There’s something about a head cold that puts me in mind of an apocalypse. I don’t sleep, food loses its taste and thus its pleasure, and as I drown in snot and soggy Kleenex, I despair for humanity and myself.

It sounds melodramatic. When I think about the relative ease of a cold compared to what could be, it seems silly and weak and trivial.

However, I think it’s a good example of the connection between our physical health and our mental health. When my body is fighting a bug of some sort, the effort taxes every dimension of who I am. My thinking slows and I lose the ability to focus (even more than normal). My emotions break free from their usual channels and run wild. All the upheaval of mucus and the exhaustion weighs down my spirit while the stopped-up ears simultaneously mute the distractions of the superficial and amplify existential questions of life. The armor of manners and social graces and keeping up appearances rips away, exposing all my character flaws and the Kleenex stuffed up my nose (imagine my horror at realizing I just drove through town, at rush hour, with a Kleenex hanging from my nose!). There I sit, like the proverbial Job, on the trash pile of all my failures as a human being, emotionally and spiritually raw and guilt-ridden, scratching at myself with the shards of questions like “What’s it all for, anyway?”

This has been one of those weeks. One of my kids caught a cold and then a stomach bug, then shared it (the cold fortunately, not the stomach bug) with me. I caught it worse than usual because I’m physically weary. We’re in the 4th week of a solid stretch of schedule mayhem in which we’ve had only 3 nights without anything planned. I’ve had a very welcome surge in work, which helps after a very tight few months money-wise, but also means I haven’t been able to take a day off. Add to all of this my escalating struggle with both the concept and the current reality of “church” and it’s no surprise that I was looking for the end of the world this weekend.

hand holding clump of soil and a plant

It has taken my lifetime, but I’m finally learning to spot this pattern and treat all of me sooner. In addition to taking vitamins, I take things off my plate. I shut down the computer and put my phone on silent. I seek quiet, staying home instead of going out, or if I must go out, watching the swirl of activity from the shore instead of swirling around in it. If at all possible, I get outdoors — take a walk, work in the yard, put in some quality time in our hammock, or sit on the porch by myself with a cup of coffee.

Friday I realized I was in free-fall, and I pulled the cord on my parachute. This weekend was about rest, perspective, and recovering health. [Unfortunately, in the middle of writing this post, another one of my kids came down with the stomach flu. I’m going to need another weekend of rest!]

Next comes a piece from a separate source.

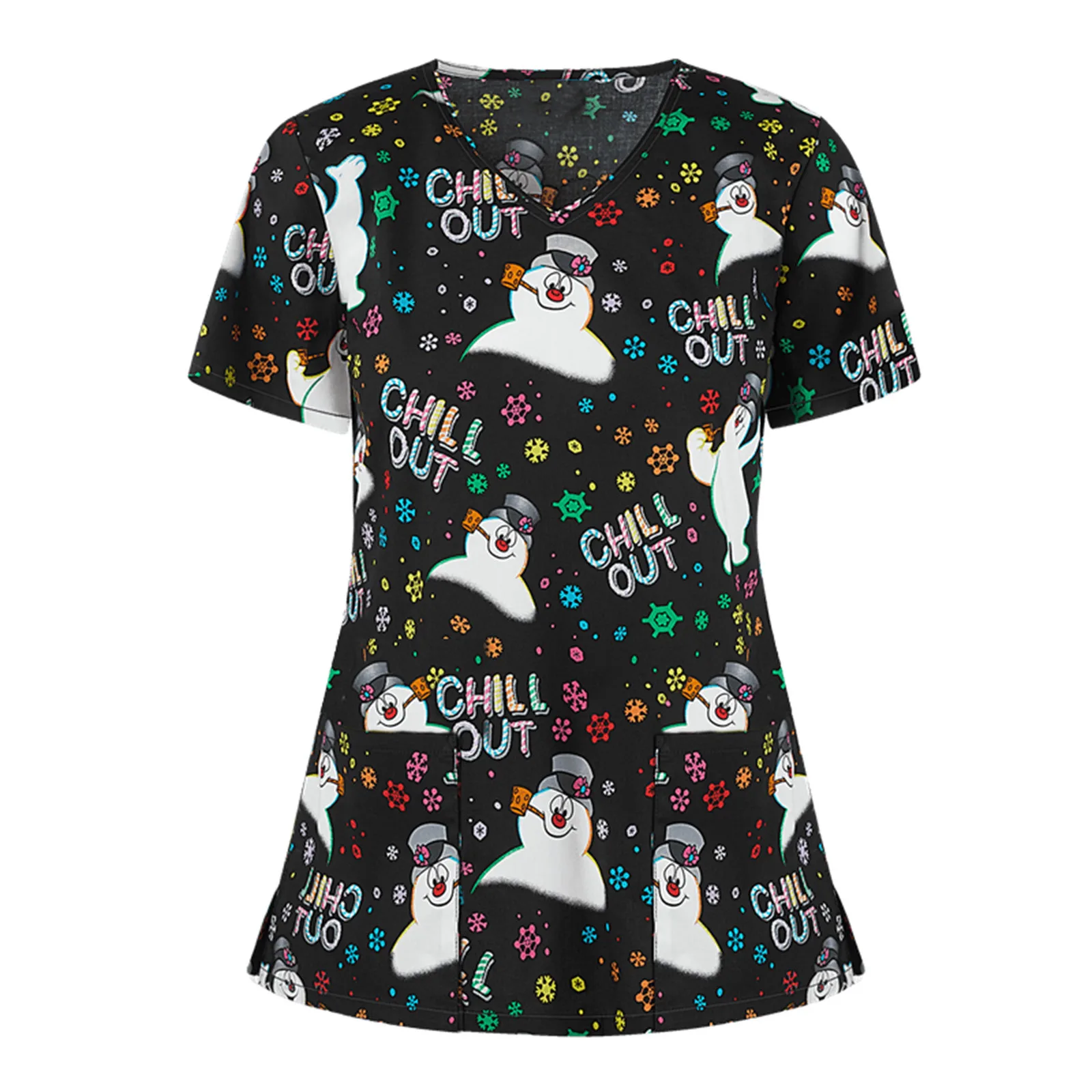 Медицинские скрабы для женщин на Рождество, скрабы с мультяшным принтом, повседневные женские скрабы с коротким рукавом, униформа для медсестры, топы с V-образным вырезом и карманами, блузка

Building in margin helps prevent depression from getting its hooks back into me again. It’s been stalking me from the perimeter the last couple of weeks, waiting in the shadows for me to collapse. It tries to bait me with lures like cocooning myself away from all the garbage of dealing with people, or having a drink to dull the pain, or distracting myself from real life with virtual diversions.

These are very attractive when real life makes me physically ill (hello stress stomach), or throws me into a blind rage at the injustice of it all, or sparks desperate tears in the middle of a church service. But they don’t help.

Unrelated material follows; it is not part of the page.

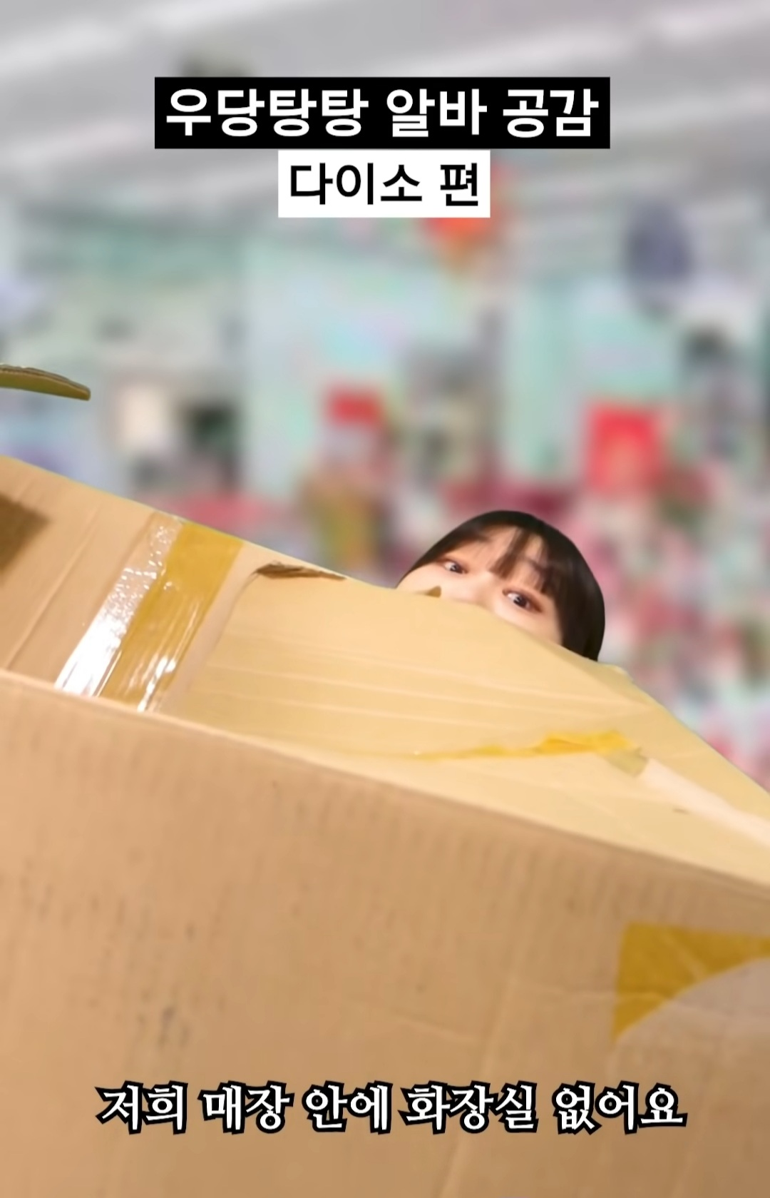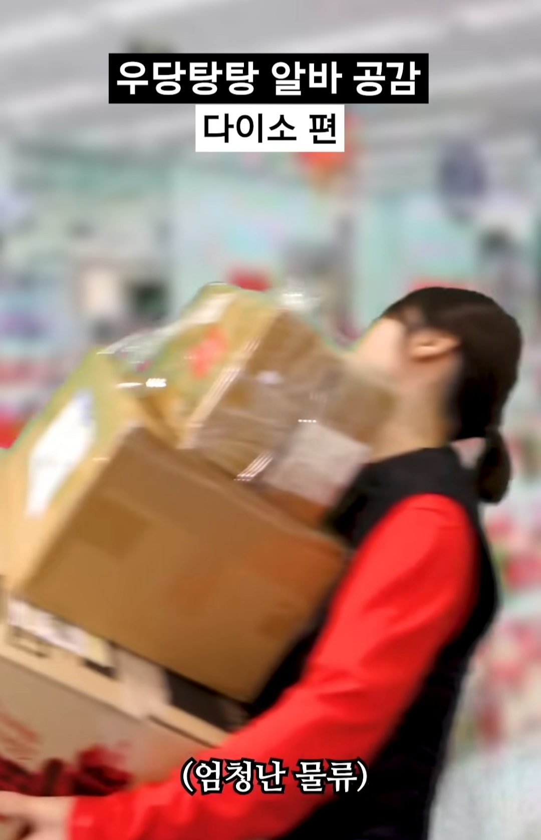 해당 유튜버는 다이소 알바생으로 변신한 뒤, 많은 양의 박스와 물류 더미를 옮기면서 고객을 응대하는 모습을 담았다.

Getting my hands in the dirt and cultivating new plant life helps. Soaking up sunshine and birdsong helps. Stepping away from superficial distractions and focusing on the moment helps. Focusing my thoughts on well-worn prayers when I can’t think what to say myself helps. Of course these aren’t magic bullets, but they help slow the descent and remind me that I’m not completely at the mercy of my circumstances and biology.

What helps you when you despair of humanity and yourself?